Your instructions | Please keep the pictures out and write out exactly the lines from the first in the data below through the one containing "Advanced Rattan and", both included.

Stored data |
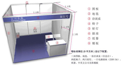 標準展位簡稱標攤,是指使用統一材料,按規定的標準模式統一搭建的展位,標準展位常見的面積有兩種:3m×3m,3m×6m。也有個別展會對標準展位設置為12平方米(3m×34m)。標準展位的特點是成本低,方便,無需參展商自己制作。組展方會搭建好展位,并將展具配備好(展具一般包括:展位楣板、一桌兩椅、射燈、插排、地毯等),參展商只需要制作展板上面的海報,或者增租一些展具即可。標準展位的缺點是展位造型固定,展示效果低,位置沒有特裝展位好。標準展位比較適合首次參展、參展預算或管理資源有限或著重控制成本的參展商。
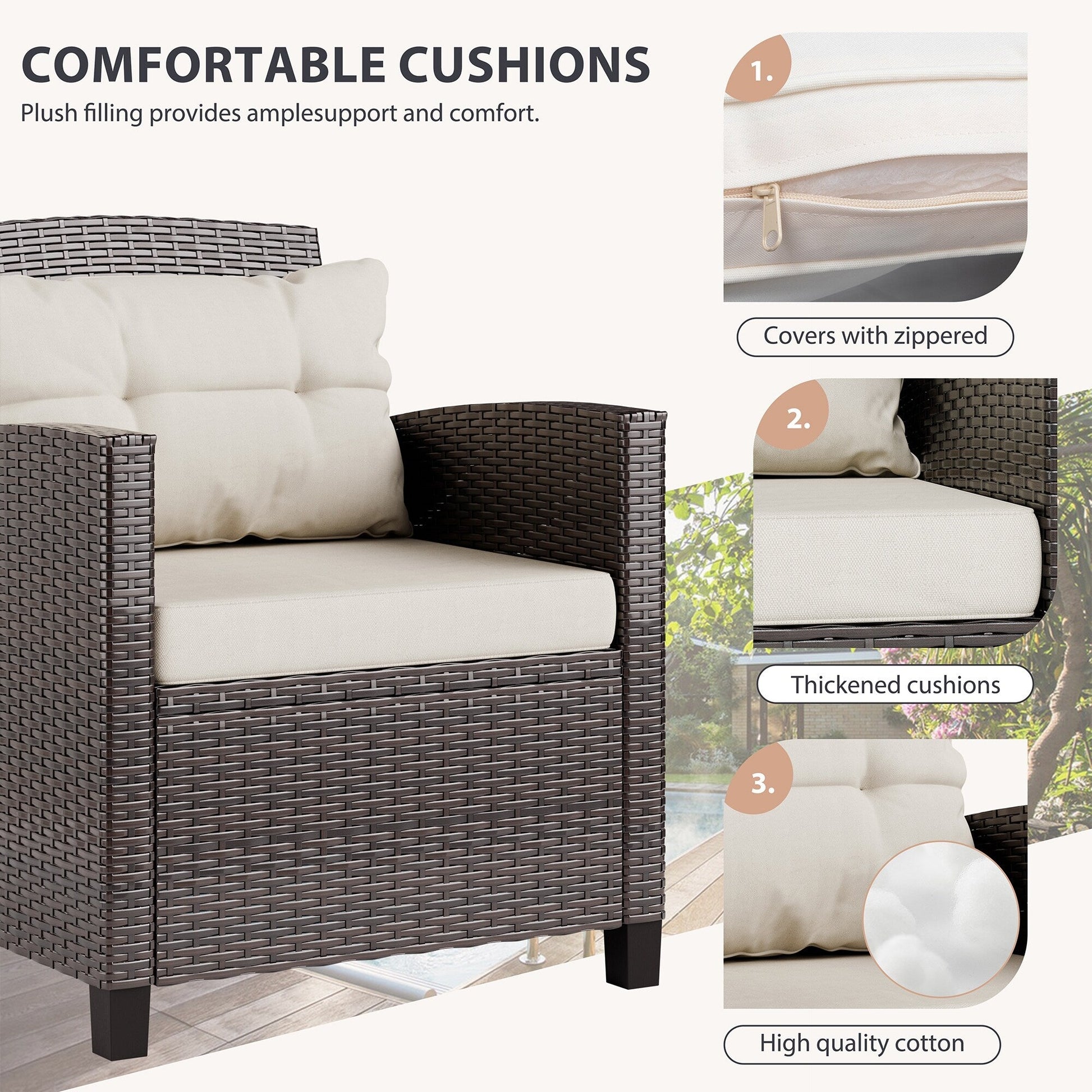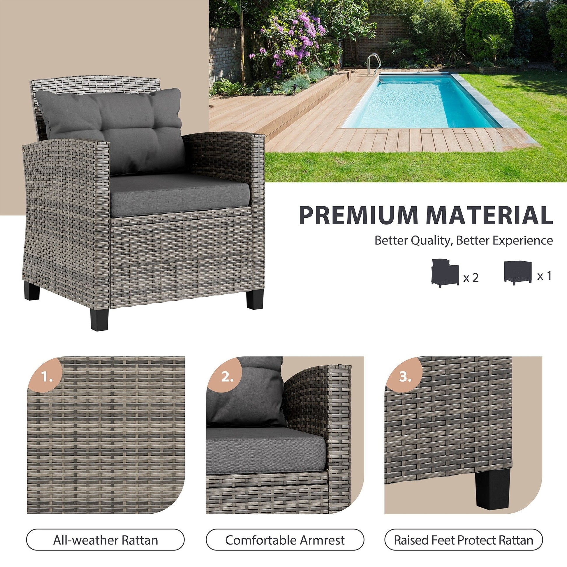 Advanced Rattan and Frame: Made of commercial-grade hand woven PE wicker and strong powder-coated steel frame, this 3-piece patio set is sturdy and durable; ?Rust-proof, UV-resistant and waterproof feature also guarantee long lasting use.
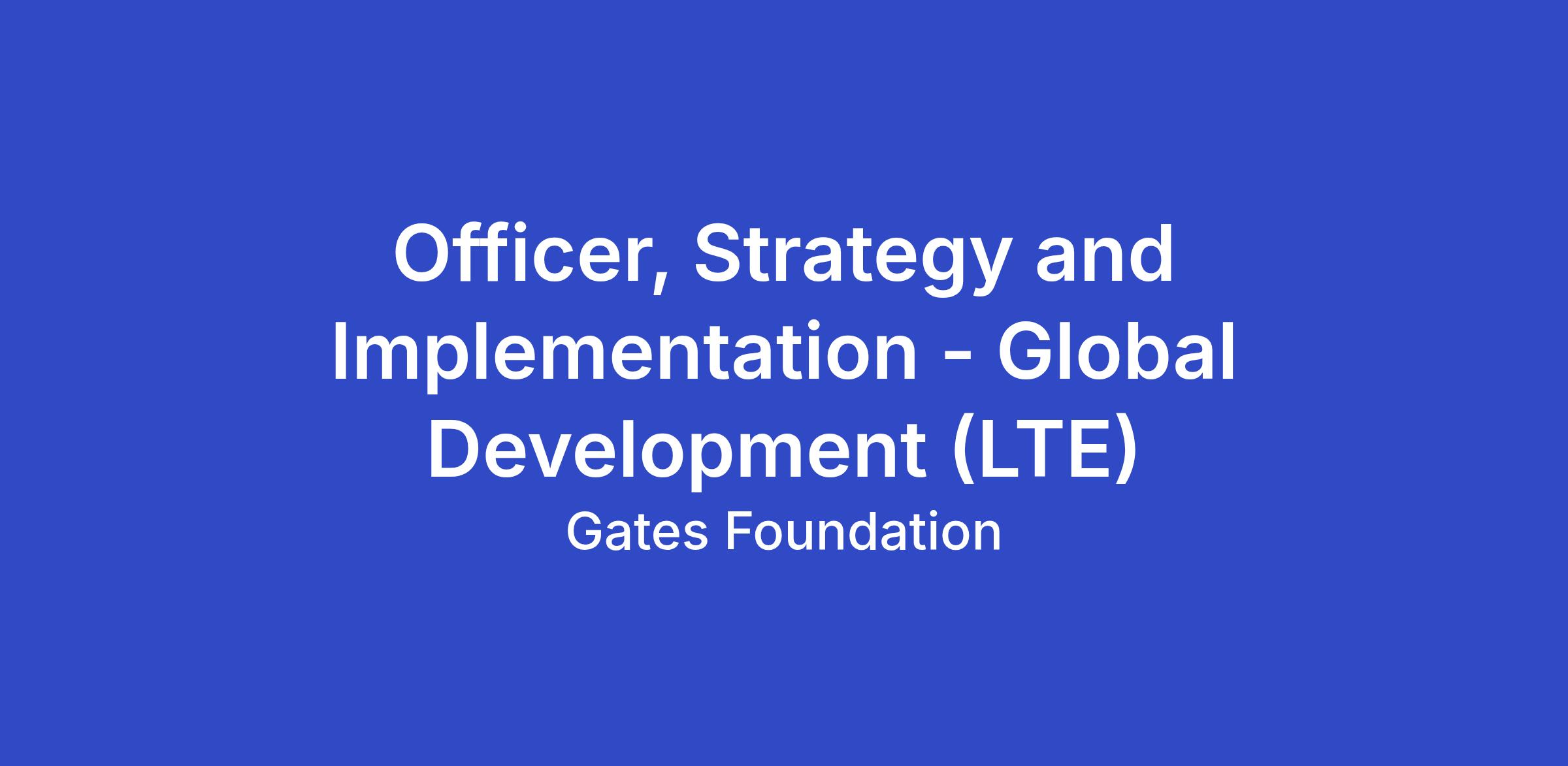 We are seeking an Officer, Strategy and Implementation to support critical strategy projects within a matrix environment. You will develop and revise strategic areas of the foundation by crafting, translating, and communicating high-quality data-driven analyses and key insights to internal teams and foundation partners. This role can sit in Seattle, WA or Washington D.C. and will report to the Deputy Director, Strategy & Partnerships.
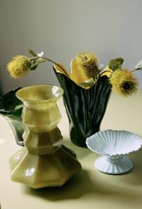 Denne vasen er generøs i størrelse og rik på farger, og er et ekte midtpunkt. Den dype fargen og den elegante formen gjør den ideell for mellomstore til store buketter – men like slående når den står tom. Plasser den på bordet eller kjøkkenbenken for et uanstrengt preg av storhet.

Reply |
 標準展位簡稱標攤,是指使用統一材料,按規定的標準模式統一搭建的展位,標準展位常見的面積有兩種:3m×3m,3m×6m。也有個別展會對標準展位設置為12平方米(3m×34m)。標準展位的特點是成本低,方便,無需參展商自己制作。組展方會搭建好展位,并將展具配備好(展具一般包括:展位楣板、一桌兩椅、射燈、插排、地毯等),參展商只需要制作展板上面的海報,或者增租一些展具即可。標準展位的缺點是展位造型固定,展示效果低,位置沒有特裝展位好。標準展位比較適合首次參展、參展預算或管理資源有限或著重控制成本的參展商。
 Advanced Rattan and Frame: Made of commercial-grade hand woven PE wicker and strong powder-coated steel frame, this 3-piece patio set is sturdy and durable; ?Rust-proof, UV-resistant and waterproof feature also guarantee long lasting use.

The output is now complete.